Despair was going over her in successive waves. ‘Show me the women’s ward,’ she said wearily. ‘Oh, they are all upstairs and downstairs and roundabout,’ returned the doctor casually.
‘And the maternity cases?’ she asked.
‘They are in casual ward.’
‘Who attends to them?’
‘They do not like me; but there is very clever woman from the outside—she comes in.’
‘Has she any training—any education?’
‘She is much esteemed in her own village,’ said the doctor. ‘She is here now, if you wish to see.’
‘Where?’ demanded Kate.
Dhunpat Rai, somewhat uneasy in his mind, made haste to lead the way up a narrow staircase to a closed door, from behind which came the wail of a new life.
Kate flung the door open wrathfully. In that particular ward of the State Hospital were the clay and cow-dung images of two gods, which the woman in charge was besprinkling with marigold buds. Every window, every orifice that might admit a breath of air, was closed, and the birth-fire blazed fiercely in one corner, its fumes nearly asphyxiating Kate as she entered.
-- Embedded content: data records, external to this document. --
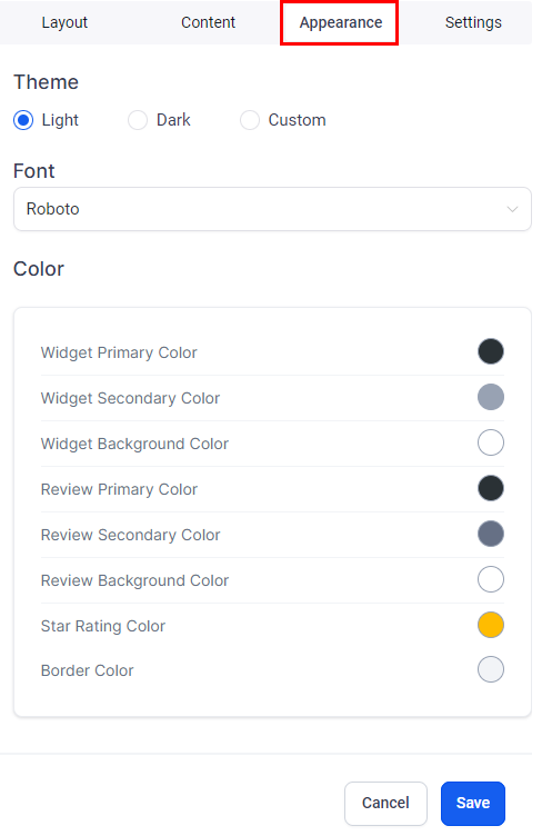 Appearance: Select from Light, Dark, or Custom themes. With the Custom option, you can tailor the colors of the heading, reviews, stars, and background to fit your brand.
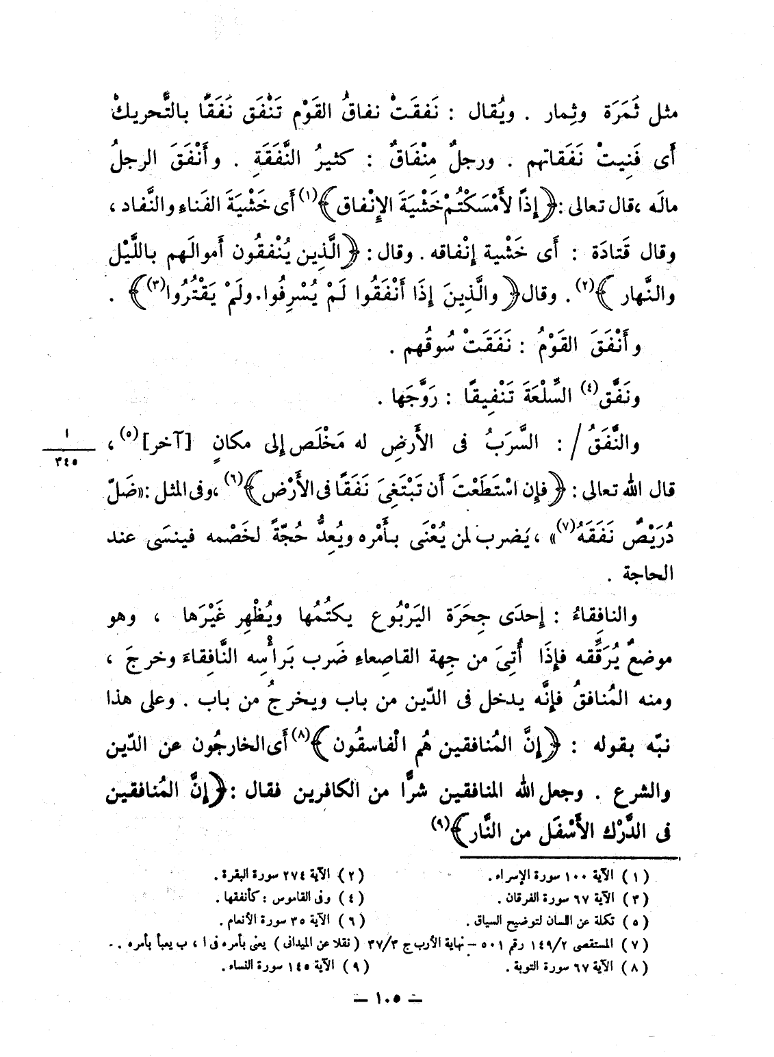 مثل ثَمَرَة وثِمار. ويُقال: نَفقَتْ نفاقُ القَوْم تَنْفَق نَفَقاً بالتَّحريكْ أَى فَنِيتْ نَفَقاتهم. ورجلٌ مِنْفَاقٌ: كثيرُ النَّفَقَةِ. وأَنْفَقَ الرجلُ مالَه، قال تعالى: {إِذاً لأمْسَكْتُمْ خَشْيَةَ الإنفاق} أى خَشْيَةَ الفَناءِ والنَّفاد، وقال قتادَة: أَى خشْية إِنْفاقه. وقال {الذين يُنْفِقُونَ أَمْوَالَهُمْ بالليل والنهار} . وقال {والذين إِذَآ أَنفَقُواْ لَمْ يُسْرِفُواْ وَلَمْ يَقْتُرُواْ} .
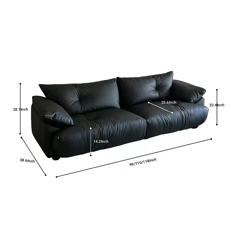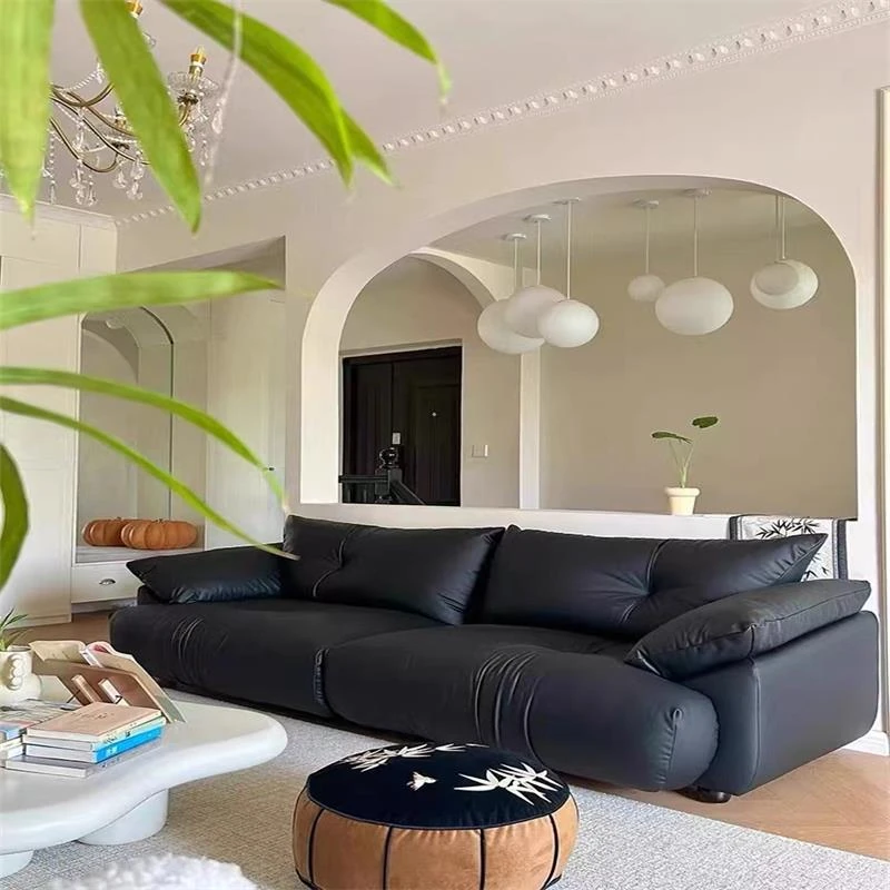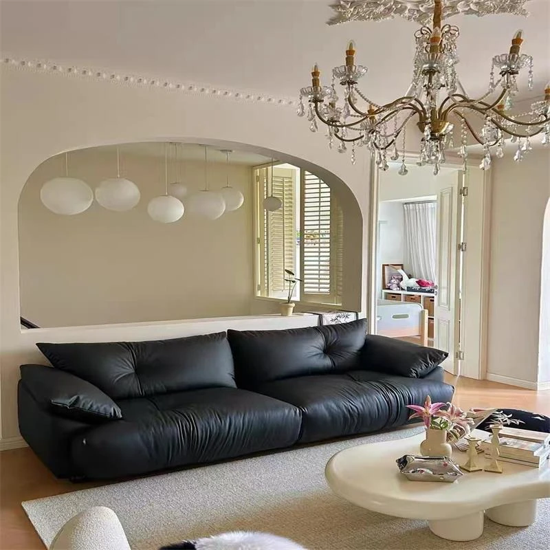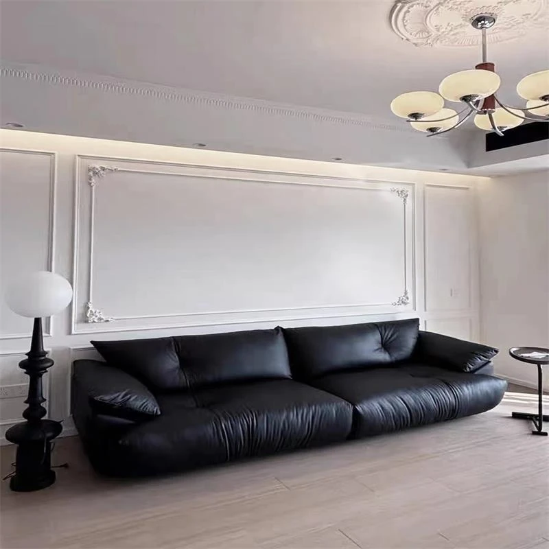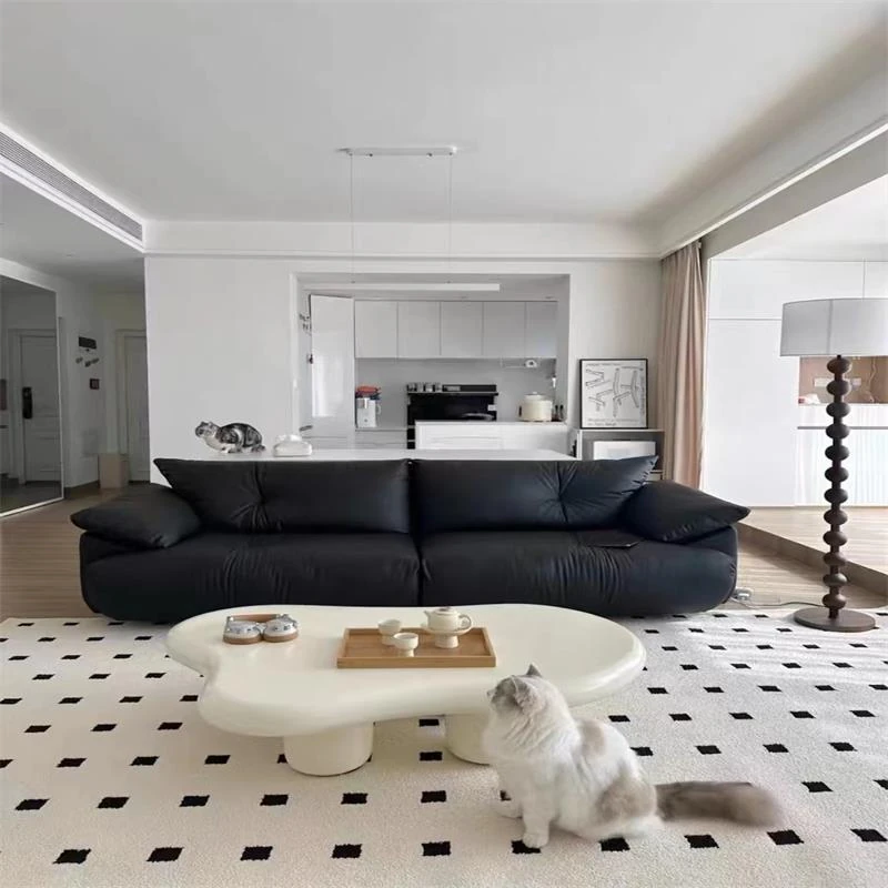 Vintage French Lazy Style Cat Scratching Leather Sofa - Modern Minimalist Italian Designer Living Room Couch with Sleek Straight Lines

What happened between Kate and the much esteemed woman will never be known. The girl did not emerge for half an hour. But the woman came out much sooner, dishevelled, and cackling feebly.
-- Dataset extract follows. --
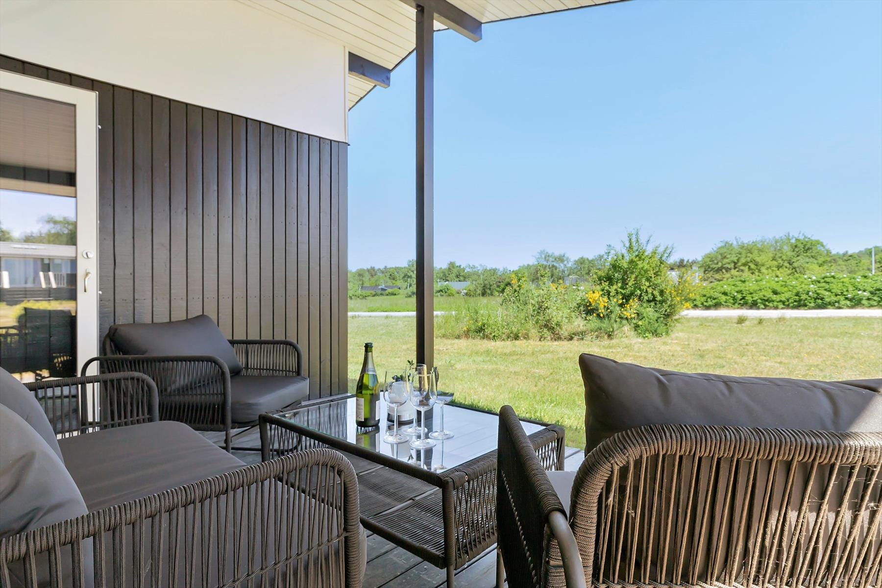 Just 350 meters from the house’s door, you’ll find the lovely, child-friendly beach. The flat, spacious ground around the house is perfect for activities, ball games, and outdoor play. There are two sunny terraces – one to the east by the entrance and one to the west with an exit from the living room. On the east-facing terrace, you can enjoy the morning sun with a cup of coffee, while on the west-facing terrace, you can relax on the lounge furniture and enjoy the long summer evening with a grill and some cozy chats.
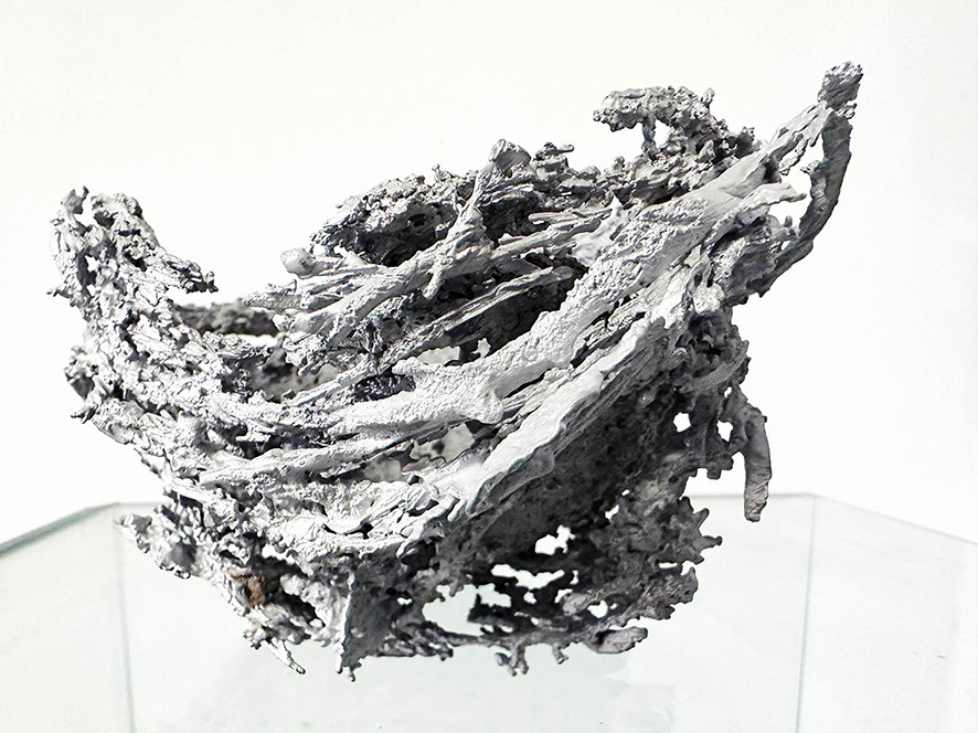 Nest richiama uno dei temi ricorrenti nella ricerca di Maura Banfo: il nido, qui reinterpretato in alluminio. L’opera rielabora il concetto di abitazione a partire dalla sua forma più essenziale presente in natura. Nella sua apertura alla trasformazione, il nido diventa anche un invito a considerare la natura come modello e riferimento per il presente.

After this Kate was prepared for anything, even for the neglected condition of the drugs in the dispensary—the mortar was never cleaned, and every prescription carried to the patient many more drugs than were written for him—and for the foul, undrained, uncleaned, unlighted, and unventilated rooms which she entered one after another hopelessly. The patients were allowed to receive their friends as they would, and to take from their hands whatever misguided kindness offered. When death came, the mourners howled in chorus about the cot, and bore the naked body through the courtyard, amid the jeers of the lunatic, to carry to the city what infection Heaven willed..
There was no isolation of infectious cases during the progress of the disease, and children scourged with ophthalmia played light-heartedly with the children of the visitors or among diphtheria beds. At one point, and one point only, the doctor was strong; he was highly successful in dealing with the very common trouble entered on the day-book as ‘loin bite.’ The woodcutters and small traders who had occasion to travel through the lonely roads of the State were not infrequently struck down by tigers, and in these cases the doctor, discarding the entire English pharmacopoeia, fell back on simples of proved repute in the neighbouring villages, and wrought wonders. None the less, it was necessary to convey to him that in future there would be only one head of the State Hospital, that her orders must be obeyed without question, and that her name was Miss Kate Sheriff.
The doctor, reflecting that she attended on the women of the court, offered no protest. He had been through many such periods of reform and reorganisation, and knew that his own inertia and a smooth tongue would carry him through many more. He bowed and assented, allowing Kate’s reproaches to pass over his head, and parrying all questions with the statement—
‘This hospital only allowed one hundred and fifty rupees per mensem from State revenues. How can get drugs all the way from Calcutta for that?’
‘I am paying for this order,’ said Kate, writing out a list of needed drugs and appliances on the desk in the bath-room, which was supposed to serve as an office; ‘and I shall pay for whatever else I think necessary.’
‘Order going through me offeecially?’ suggested Dhunpat Rai, with his head on one side.
Unwilling to raise unnecessary obstacles, Kate assented. With those poor creatures lying in the rooms about her unwatched, untended, at the mercy of this creature, it was not a time to argue about commissions.
‘Yes,’ she said decidedly; ‘of course.’ And the doctor, when he saw the size and scope of the order, felt that he could endure much at her hands.
At the end of the three hours Kate came away, fainting with weariness, want of food, and bitter heartache.